::: Dataset extract

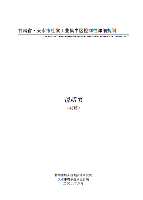 《天水市社棠工業(yè)集中區(qū)控制性詳細(xì)規(guī)劃》(初稿)
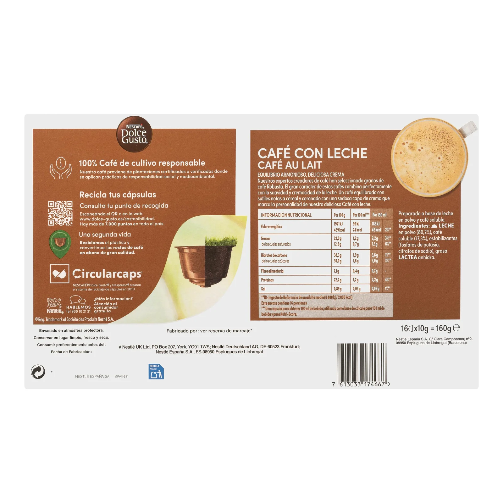 Café con leche en cápsula Dolce Gusto con auténtico sabor de España.
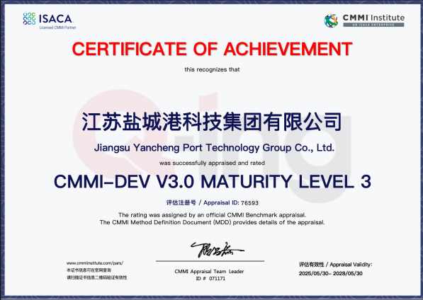 從平臺建設、資質認證、人才培育多維度搭建創新支撐體系,為科技創新筑牢根基。成功獲批“鹽城市智慧港口智能監管系統工程技術研究中心”,通過CMMI三級、ITSS三級信息技術服務標準符合性認證,構建專業化、規范化的技術研發與服務框架;港機公司緊跟步伐,成功入選江蘇省創新型中小企業、鹽城市高新技術企業培育庫,順利通過環境管理體系、質量管理體系等認證,資質體系不斷完善。新增4本系統集成項目管理工程師(中級)證書,專業人才隊伍持續壯大,為創新工作提供智力支撐。
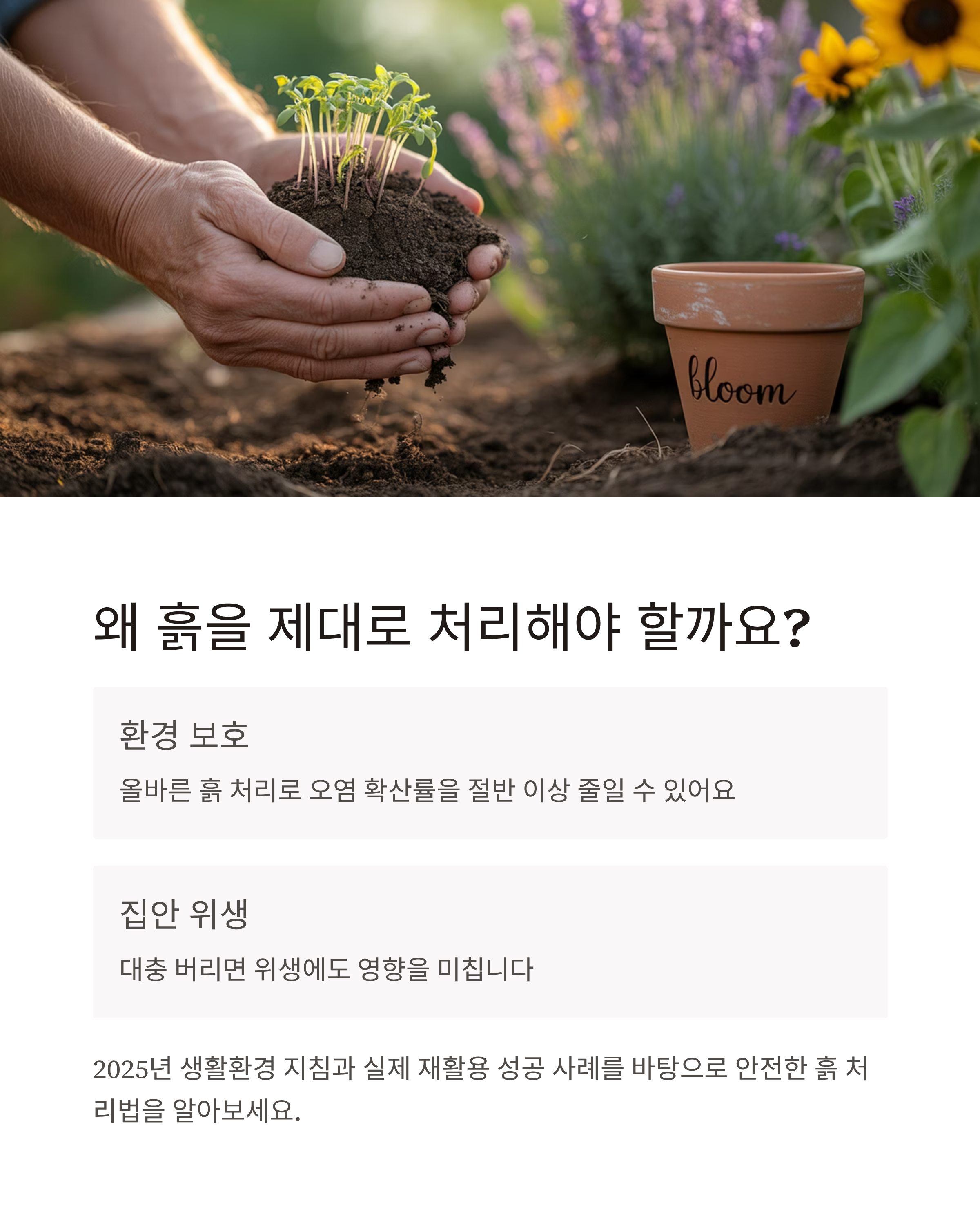 화분 분갈이를 하고 남은 흙, 대충 버리기엔 환경에도 안 좋고 집안 위생에도 영향이 큽니다. 실제로 2025년 생활환경 지침에 따르면 올바른 흙 처리만으로도 오염 확산률을 절반 이상 줄일 수 있다고 하는데요. 이번 글에서는 지자체 가이드라인과 실제 재활용 성공 사례를 토대로, 흙을 건강하게 재활용하고 안전하게 버리는 방법을 알기 쉽게 정리했습니다.
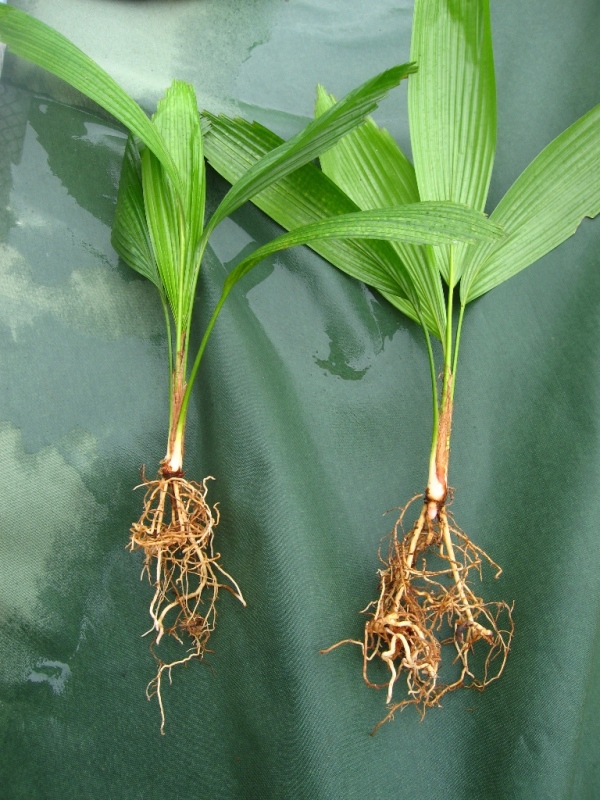 Heb enkele Licuala's. Links op de foto een Licuala Cordata en rechts een Licuala Grandis. De Cordata vouwt zijn bladeren mooi open in een waaiervorm maar bij de Grandis blijven die wat geplooid zitten. Is dit normaal of krijgen ze als kleine plant teveel licht. Staan onder een Velux op het Zuid-oost. Heb ze beiden gekocht als zaailingen, een drietal jaar geleden.

::::::

Exercise description
Restate every line of the data above word for word, with the images removed.

Solved problem
 《天水市社棠工業(yè)集中區(qū)控制性詳細(xì)規(guī)劃》(初稿)
 Café con leche en cápsula Dolce Gusto con auténtico sabor de España.
 從平臺建設、資質認證、人才培育多維度搭建創新支撐體系,為科技創新筑牢根基。成功獲批“鹽城市智慧港口智能監管系統工程技術研究中心”,通過CMMI三級、ITSS三級信息技術服務標準符合性認證,構建專業化、規范化的技術研發與服務框架;港機公司緊跟步伐,成功入選江蘇省創新型中小企業、鹽城市高新技術企業培育庫,順利通過環境管理體系、質量管理體系等認證,資質體系不斷完善。新增4本系統集成項目管理工程師(中級)證書,專業人才隊伍持續壯大,為創新工作提供智力支撐。
 화분 분갈이를 하고 남은 흙, 대충 버리기엔 환경에도 안 좋고 집안 위생에도 영향이 큽니다. 실제로 2025년 생활환경 지침에 따르면 올바른 흙 처리만으로도 오염 확산률을 절반 이상 줄일 수 있다고 하는데요. 이번 글에서는 지자체 가이드라인과 실제 재활용 성공 사례를 토대로, 흙을 건강하게 재활용하고 안전하게 버리는 방법을 알기 쉽게 정리했습니다.
 Heb enkele Licuala's. Links op de foto een Licuala Cordata en rechts een Licuala Grandis. De Cordata vouwt zijn bladeren mooi open in een waaiervorm maar bij de Grandis blijven die wat geplooid zitten. Is dit normaal of krijgen ze als kleine plant teveel licht. Staan onder een Velux op het Zuid-oost. Heb ze beiden gekocht als zaailingen, een drietal jaar geleden.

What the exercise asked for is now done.